Records drawn from a dataset:

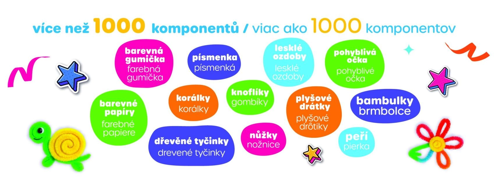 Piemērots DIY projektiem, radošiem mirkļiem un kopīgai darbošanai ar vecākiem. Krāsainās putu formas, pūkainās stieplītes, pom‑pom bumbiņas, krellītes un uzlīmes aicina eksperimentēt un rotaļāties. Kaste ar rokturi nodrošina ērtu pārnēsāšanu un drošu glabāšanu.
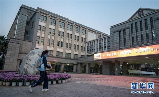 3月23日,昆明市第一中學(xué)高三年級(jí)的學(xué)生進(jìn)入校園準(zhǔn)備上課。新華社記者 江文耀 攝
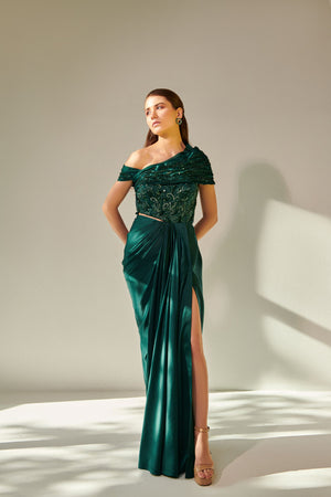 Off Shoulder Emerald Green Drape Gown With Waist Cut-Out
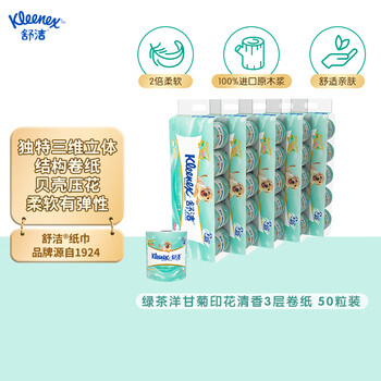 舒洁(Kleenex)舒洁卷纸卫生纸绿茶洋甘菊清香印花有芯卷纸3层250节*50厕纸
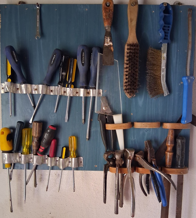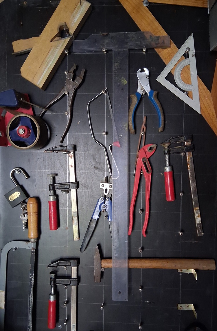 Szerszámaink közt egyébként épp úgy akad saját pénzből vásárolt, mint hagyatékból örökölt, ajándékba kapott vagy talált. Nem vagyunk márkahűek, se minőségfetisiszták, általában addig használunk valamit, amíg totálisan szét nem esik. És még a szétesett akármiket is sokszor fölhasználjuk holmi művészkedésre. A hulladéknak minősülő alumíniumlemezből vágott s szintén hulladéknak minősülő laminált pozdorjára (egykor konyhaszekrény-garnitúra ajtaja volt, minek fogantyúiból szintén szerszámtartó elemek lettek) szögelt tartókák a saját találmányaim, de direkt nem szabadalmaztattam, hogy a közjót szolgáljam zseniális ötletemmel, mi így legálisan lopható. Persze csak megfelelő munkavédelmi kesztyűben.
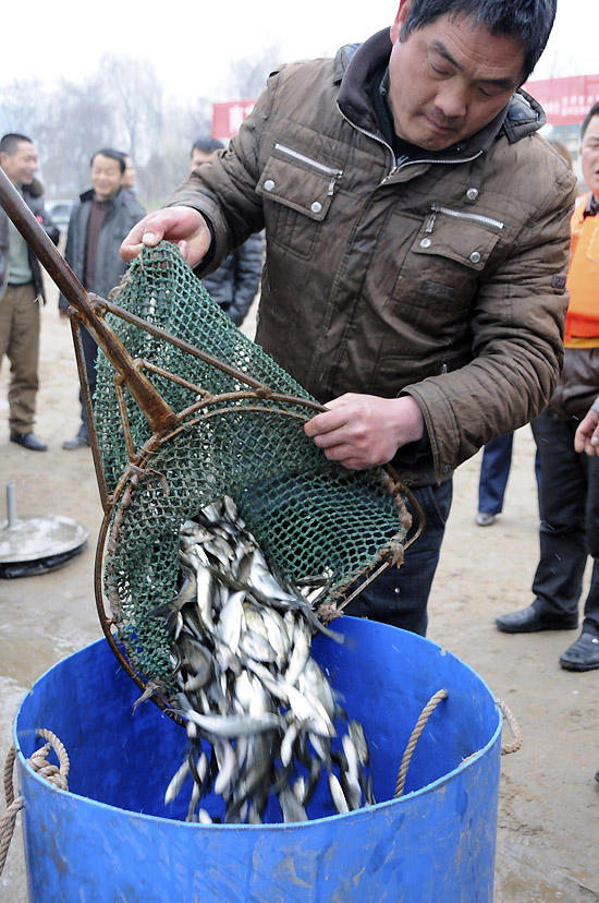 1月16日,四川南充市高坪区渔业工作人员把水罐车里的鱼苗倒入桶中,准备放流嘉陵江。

* GOAL OF THE EXERCISE
An exact copy of the entries, minus the pictures, is what's needed here.

* REPLY TO THE EXERCISE
 Piemērots DIY projektiem, radošiem mirkļiem un kopīgai darbošanai ar vecākiem. Krāsainās putu formas, pūkainās stieplītes, pom‑pom bumbiņas, krellītes un uzlīmes aicina eksperimentēt un rotaļāties. Kaste ar rokturi nodrošina ērtu pārnēsāšanu un drošu glabāšanu.
 3月23日,昆明市第一中學(xué)高三年級(jí)的學(xué)生進(jìn)入校園準(zhǔn)備上課。新華社記者 江文耀 攝
 Off Shoulder Emerald Green Drape Gown With Waist Cut-Out
 舒洁(Kleenex)舒洁卷纸卫生纸绿茶洋甘菊清香印花有芯卷纸3层250节*50厕纸
 Szerszámaink közt egyébként épp úgy akad saját pénzből vásárolt, mint hagyatékból örökölt, ajándékba kapott vagy talált. Nem vagyunk márkahűek, se minőségfetisiszták, általában addig használunk valamit, amíg totálisan szét nem esik. És még a szétesett akármiket is sokszor fölhasználjuk holmi művészkedésre. A hulladéknak minősülő alumíniumlemezből vágott s szintén hulladéknak minősülő laminált pozdorjára (egykor konyhaszekrény-garnitúra ajtaja volt, minek fogantyúiból szintén szerszámtartó elemek lettek) szögelt tartókák a saját találmányaim, de direkt nem szabadalmaztattam, hogy a közjót szolgáljam zseniális ötletemmel, mi így legálisan lopható. Persze csak megfelelő munkavédelmi kesztyűben.
 1月16日,四川南充市高坪区渔业工作人员把水罐车里的鱼苗倒入桶中,准备放流嘉陵江。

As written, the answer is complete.